Por ahora, la jerarquía de Aprilia manda sobre el papel: el equipo oficial tiene prioridad de recursos. La cuestión es si esa prioridad se convertirá en decisiones perjudiciales para Martín, como sucedió en casos anteriores. Rivola descarta una orden de equipo, pero el término boicot ya está sobre la mesa.
La estrategia de Aprilia y el precedente de Márquez
La gestión de pilotos es un clásico del campeonato. Valentino Rossi nunca fue acusado de esconder piezas a sus compañeros, según recuerda Davide Brivio en la fuente original. Con Márquez, en cambio, las sospechas eran constantes. Aprilia no es Honda, pero sí es una fábrica pequeña con un título en juego.
Si Aprilia mueve ficha en favor de Bezzecchi o restringe una evolución a Trackhouse, el boicot no tendrá un comunicado oficial, pero se notará en la pista. De momento, la ventaja de Martín le da un colchón de 40 puntos sobre el primer Ducati, que es Márquez. Suficiente para defenderse, no para confiarse. Nadie con memoria en MotoGP muerde así.
Yamaha observa desde la distancia. Se llevará a Martín en 2027 y cualquier gesto que rebaje la competitividad de su futuro piloto será leído como una afrenta. Rivola lo sabe.
Análisis de Impacto
- Dato de mercado: Aprilia no se juega solo un trofeo, sino la credibilidad de su estructura satélite y el valor de marca ante un fichaje que se marcha a Yamaha.
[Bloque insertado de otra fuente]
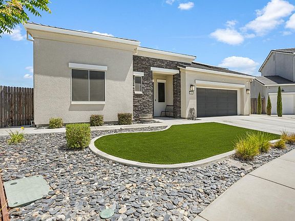 Welcome to 1204 Nabih Hamdan a beautifully designed modern home with two spacious primary suites (one upstairs & one downstairs), perfect for multi-generational living or private guest space. Inside, warm wide-plank wood floors, soaring ceilings, and abundant natural light create an inviting feel. The chef's kitchen features crisp white cabinetry, quartz counters, stainless appliances, a 5-burner gas cooktop, and an oversized island with seating, opening to the dining area and great room for seamless entertaining. The downstairs primary suite offers convenience and privacy, while the upstairs suite includes a spa-inspired bath with dual sinks and matte black fixtures. A huge loft provides flexible living media, play, or gym plus a dedicated office/flex area for work or study. Outside, enjoy a low-maintenance backyard with a large patio, lush greenery, and space for BBQs or relaxing. The front yard features modern turf and rock landscaping for year-round curb appeal. Additional highlights include a laundry room with built-in cabinetry, stylish light fixtures, and an oversized two-car garage. Located in a quiet newer Manteca neighborhood near shopping, dining, schools, and commuter routes, this home perfectly blends modern style, comfort, and versatility.

- El rumor del paddock: Pese a las palabras de Rivola, en Noale crecen los recelos sobre ayudas extra al equipo oficial antes del cierre del campeonato.
- Veredicto de impacto: La polémica del boicot no ha hecho más que empezar. Si Martín pierde el liderato por una decisión dudosa de Aprilia, el relato será peor que no haber ganado.